#### Instructions for the task:
Starting at the first line of the data, print each line verbatim up to and including the line bearing "Rind Teller mit Pommes, Reis oder Salat.", omitting pictures.

#### Input:
--- START ---

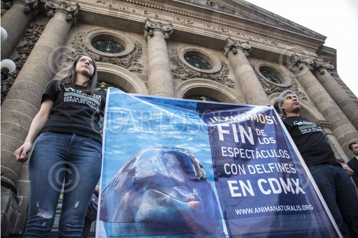 CIUDAD DE MÉXICO, 01AGOSTO2017.- Leonora Esquivel, fundadora de “AnimaNaturalis” e integrantes de esta organización , se manifestaron a la afueras de la Asamblea Legislativa del Distrito Federal (ALDF) para apoyar la propuesta del Partido Verde Ecologista de México (PVEM) la cual indica una reforma a la Ley de Establecimientos Mercantiles para la prohibición de delfinarios en la Ciudad de México. FOTO: MARIO JASSO /CUARTOSCURO.COM
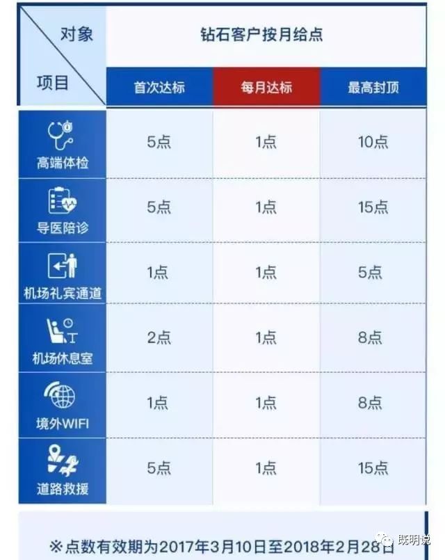 权益采用积点形式,每年3月10号到次年2月28号为一个积点有效期年度,如2017年度指2017年3月10日至2018年2月28日。每月可得点数将于次月第七个工作日完成充值工作,具体的积点计算方式如下:
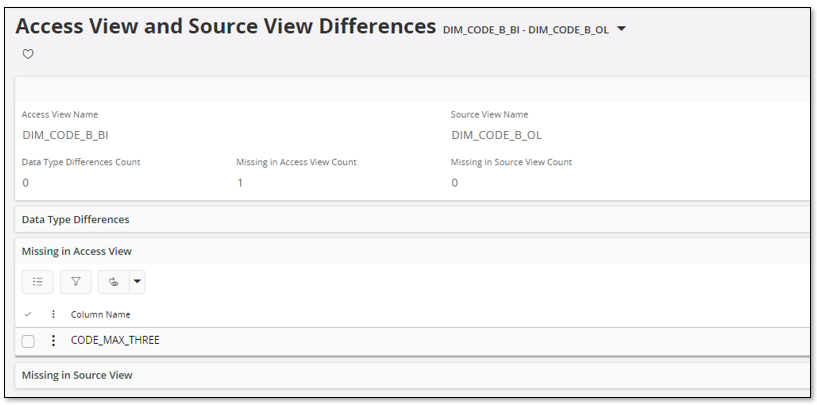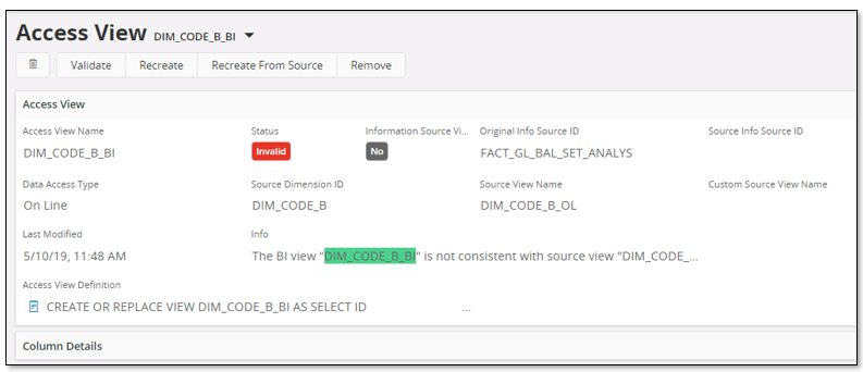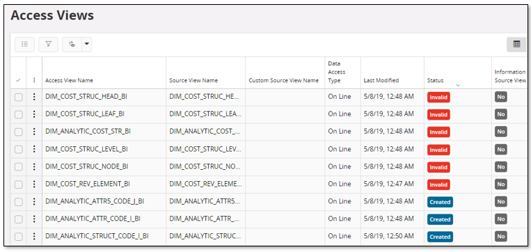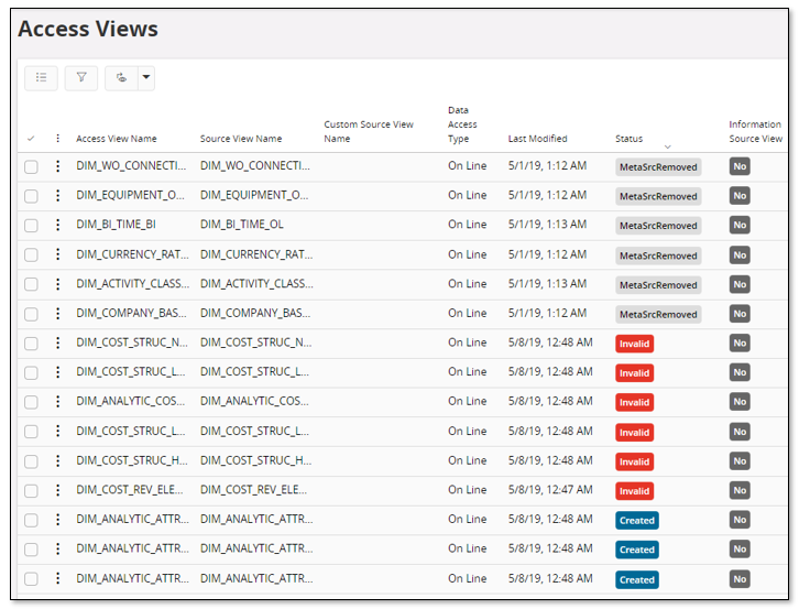 In the above example, there are some access views that have the status Invalid and some have the status MetaSrcRemoved. These views should be investigated.
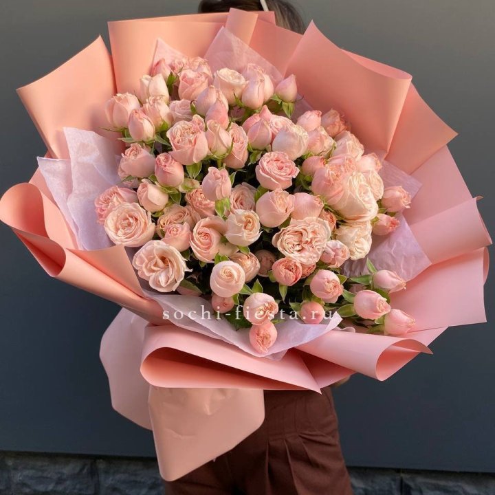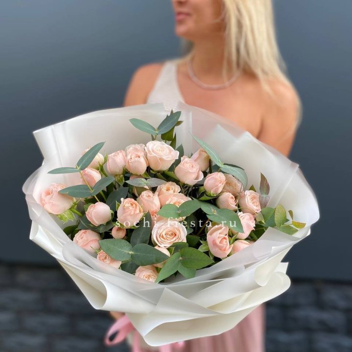Кустовые пионовидные розы сорта «Бомбастик» отличаются крупным бутонов, нежной текстурой и бледным воздушным оттенком.
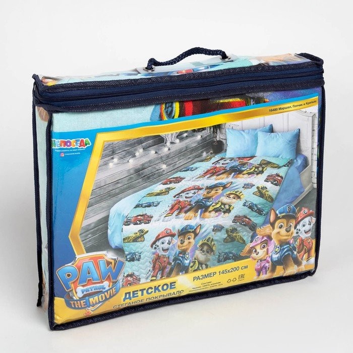 Покрывало стеганое Щенячий патруль «Маршал, Гонщик и Крепыш» 145х200см, поплин 105г
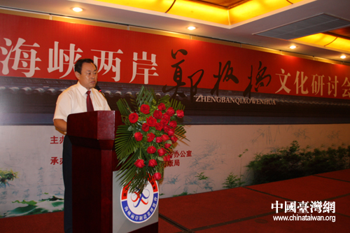 鐘河林在致辭中表示,鄭板橋作為兩岸同胞公認(rèn)的歷史文化名人,給我們留下了十分豐富的文化遺產(chǎn)和精神風(fēng)范。鄭板橋文化的“為民造福和不斷創(chuàng)新”精神,也是我們今天促進(jìn)兩岸關(guān)系和平發(fā)展應(yīng)具有的精神品格。他認(rèn)為,以鄭板橋?yàn)槊,兩岸的專家學(xué)者、普通百姓可以找到共同感興趣的話題,可以更加深入廣泛地從精神層面探求中華文化在兩岸的傳播,從而進(jìn)一步增強(qiáng)兩岸同胞休戚與共的文化認(rèn)同和民族認(rèn)同,促進(jìn)兩岸文化交流向更深層次、更廣闊領(lǐng)域發(fā)展。
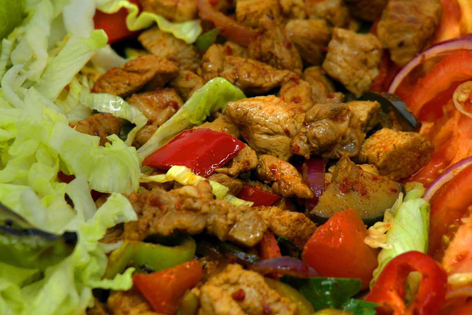 Rind Teller mit Pommes, Reis oder Salat.
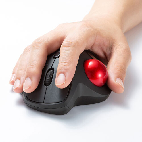 ※配送の送り主はサンワサプライ(株)と記載されています。沖縄・離島配送不可となります。 当店は正規販売代理店です。 特長 指でボールを転がしてカーソルを操作する、トラックボールです。 力まずリラックスした状態で使用できる、親指操作タイプです。 手のひらを軽く添えるだけでフィットするエルゴノミクス形状です。 親指で動かすのにちょうど良い34mm中型サイズのボールを採用しています。 用途に合わせてカーソル速度が変更できる、カーソル速度切替機能付きです。600・800・1200・1600の4段階の切替えができます。 左右ボタン、ホイール(スクロール)ボタン、カウント切り替えボタンに静音スイッチを採用しています。 電波障害に強い2.4GHzデジタル帯で、通信範囲が半径10mの広範囲で安定したデータ通信が可能です。 ※電波干渉のない場合に限ります。 不使用時の電池消耗を防止する電源ON・OFFスイッチ付きです。 レシーバーはマウス本体裏面に差し込むだけの簡単収納です。 メーカー保証期間180日 ※当店発注日からになります。 気をつけておりますが、タイミングによっては在庫切れの場合があります。 仕様
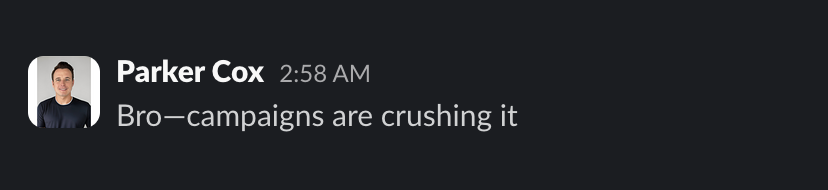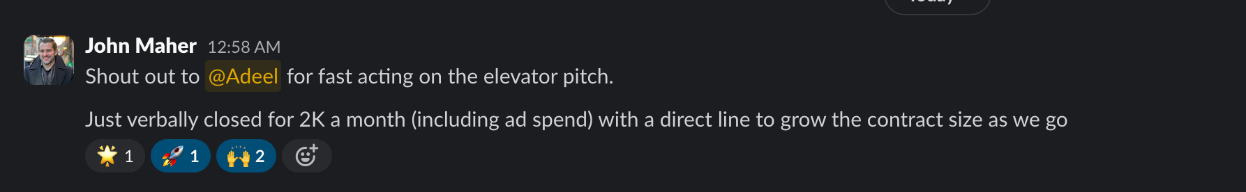 “First close came from Adeel’s email flow.”
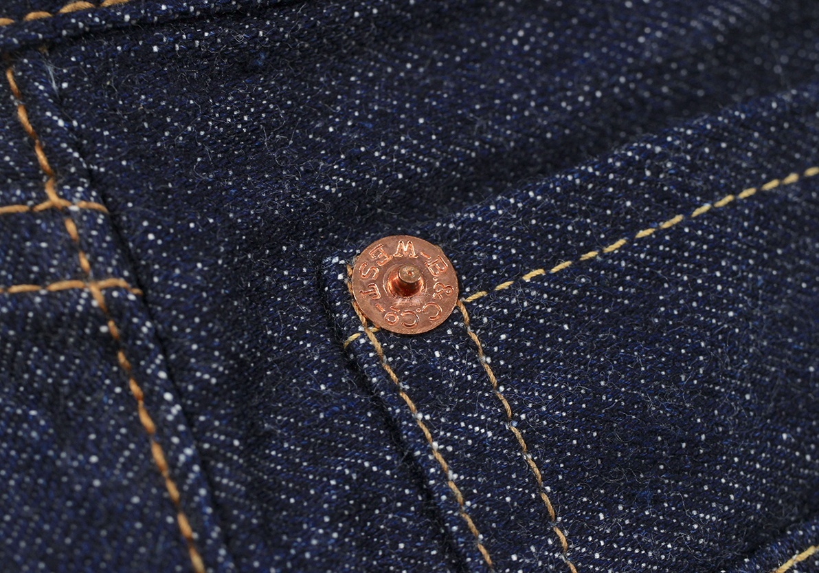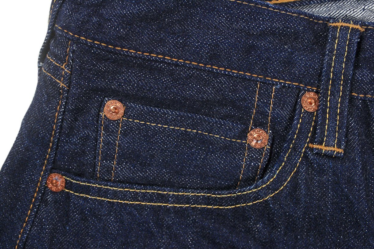 リベットは刻印入りの打ち抜きリベット、バックポケットにはフラット形状の隠しリベットを使用、
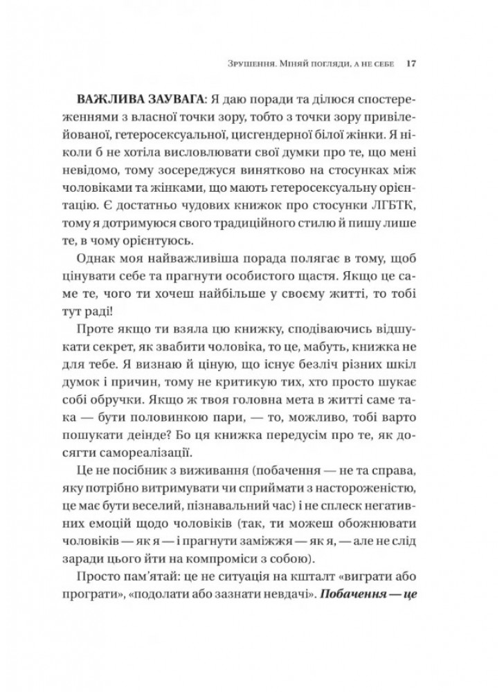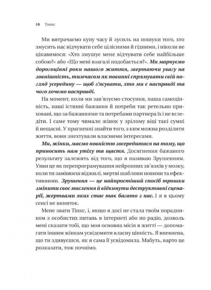 Тінкс вирішила перетворити досвід у знайомствах на ресурс для особистого розвитку. Відтак інфлюенсерка визначила, які чоловіки їй подобаються, з якими їй зручно, а які змушують почуватися невпевнено. Креативне мислення та оптимістична інтерпретація світу допомогли авторці усвідомити: вона завжди залишатиметься собою, а її внутрішня трансформація буде вмотивована тільки власними бажаннями.

--- END ---

#### Response to this task:
 CIUDAD DE MÉXICO, 01AGOSTO2017.- Leonora Esquivel, fundadora de “AnimaNaturalis” e integrantes de esta organización , se manifestaron a la afueras de la Asamblea Legislativa del Distrito Federal (ALDF) para apoyar la propuesta del Partido Verde Ecologista de México (PVEM) la cual indica una reforma a la Ley de Establecimientos Mercantiles para la prohibición de delfinarios en la Ciudad de México. FOTO: MARIO JASSO /CUARTOSCURO.COM
 权益采用积点形式,每年3月10号到次年2月28号为一个积点有效期年度,如2017年度指2017年3月10日至2018年2月28日。每月可得点数将于次月第七个工作日完成充值工作,具体的积点计算方式如下:
 In the above example, there are some access views that have the status Invalid and some have the status MetaSrcRemoved. These views should be investigated.
Кустовые пионовидные розы сорта «Бомбастик» отличаются крупным бутонов, нежной текстурой и бледным воздушным оттенком.
 Покрывало стеганое Щенячий патруль «Маршал, Гонщик и Крепыш» 145х200см, поплин 105г
 鐘河林在致辭中表示,鄭板橋作為兩岸同胞公認(rèn)的歷史文化名人,給我們留下了十分豐富的文化遺產(chǎn)和精神風(fēng)范。鄭板橋文化的“為民造福和不斷創(chuàng)新”精神,也是我們今天促進(jìn)兩岸關(guān)系和平發(fā)展應(yīng)具有的精神品格。他認(rèn)為,以鄭板橋?yàn)槊,兩岸的專家學(xué)者、普通百姓可以找到共同感興趣的話題,可以更加深入廣泛地從精神層面探求中華文化在兩岸的傳播,從而進(jìn)一步增強(qiáng)兩岸同胞休戚與共的文化認(rèn)同和民族認(rèn)同,促進(jìn)兩岸文化交流向更深層次、更廣闊領(lǐng)域發(fā)展。
 Rind Teller mit Pommes, Reis oder Salat.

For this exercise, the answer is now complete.